Xie: Lidar companies have shown a positive trend in terms of R&D, product strength, mass production progress, and design wins. Differences between countries can be viewed from two perspectives:
• The speed from R&D to mass production
Chinese lidar companies have shown particularly strong interest in automotive-grade lidar technology. It can be said that after 2021, the progress of China’s top lidar manufacturers’ automotive products has basically exceeded that of overseas manufacturers. For example, RoboSense’s second-generation smart solid-state lidar achieved mass production and delivery in June 2021, which as the first case globally on two-dimensional MEMS scanning route, while most overseas enterprises’ products were in the B-sample stage during the same period. In 2022, China leading automotive-grade lidar companies have entered mass production, while most overseas products still in prototype stage.

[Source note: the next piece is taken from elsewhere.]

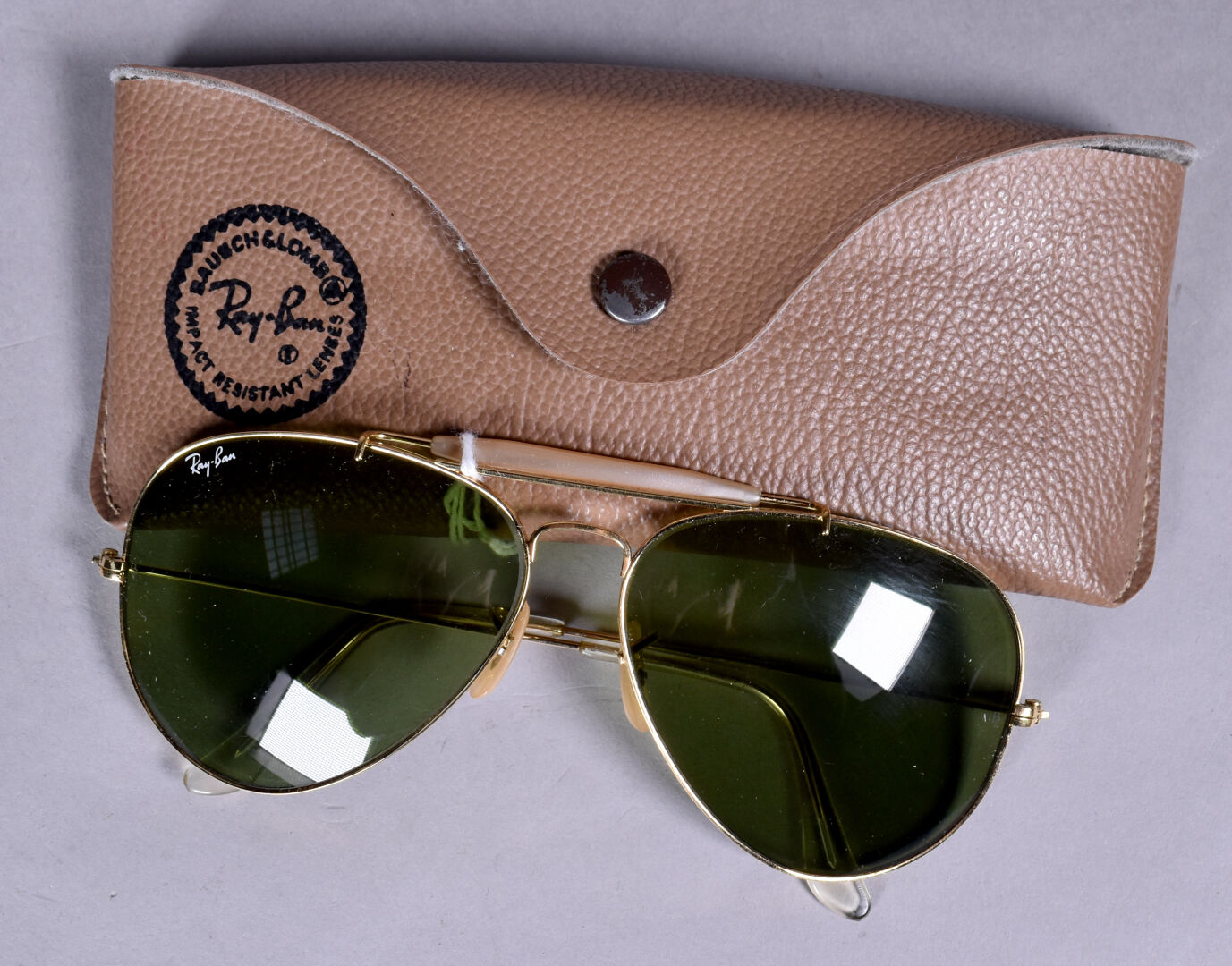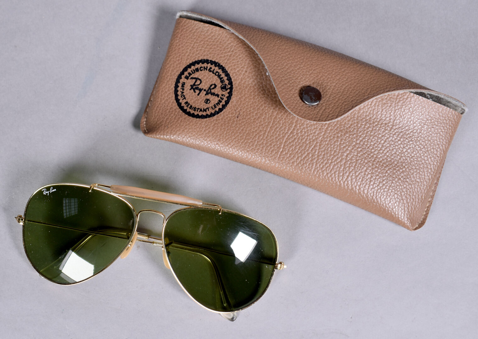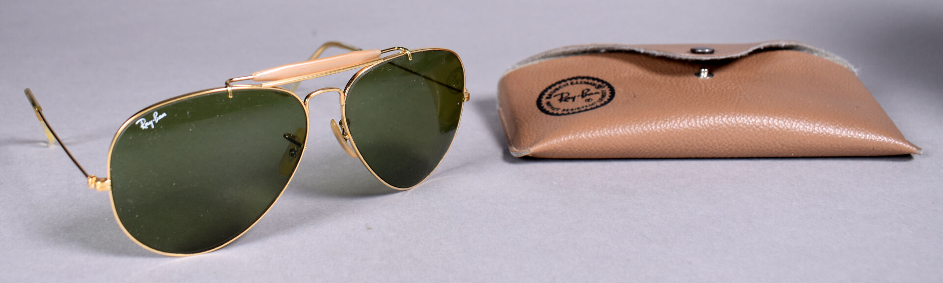 RAY BAN. Paire de lunettes de soleil pilote, les verres signées BL pour Bauch & Lomb. Etui.

• Demand for lidar products from carmakers
Thanks to rapid development of electric vehicle in China market, intelligent driving has gradually become the second battlefield for brand differentiation competition among car manufacturers, and China has quickly become the largest market for lidar, the demand for lidar embraces explosive growth. Due to the advantages in large-scale mass production progress, Chinese lidar companies have won a large number of design wins, for example, RoboSense has obtained design wins from nearly 20 leading carmakers with a total of over 50 models and has built the industry’s largest intelligent manufacturing system. We believe, the global market for lidar is large enough, and all the lidar companies will embrace satisfactory future development with the future expansion of market scale.
Lidar development is linked to autonomous driving. As the first large-scale application in automotive, it is necessary to obtain design wins from carmakers to obtain the complete development requirements, so as to carry out complete test verification and automated production line design and operation. It can bring stable funding sources while achieving large-scale mass production and delivery. In addition, after the harsh test of vehicle reliability, the reliability of lidar will jump to a new level.
But this does not mean lidar is only for autonomous driving. We believe robot will bring more lidar application. After mass adoption on vehicles and with the scale effect, lidar cost will get to a much lower level, so various robots will have opportunity to equip with better sensors…that means lidar.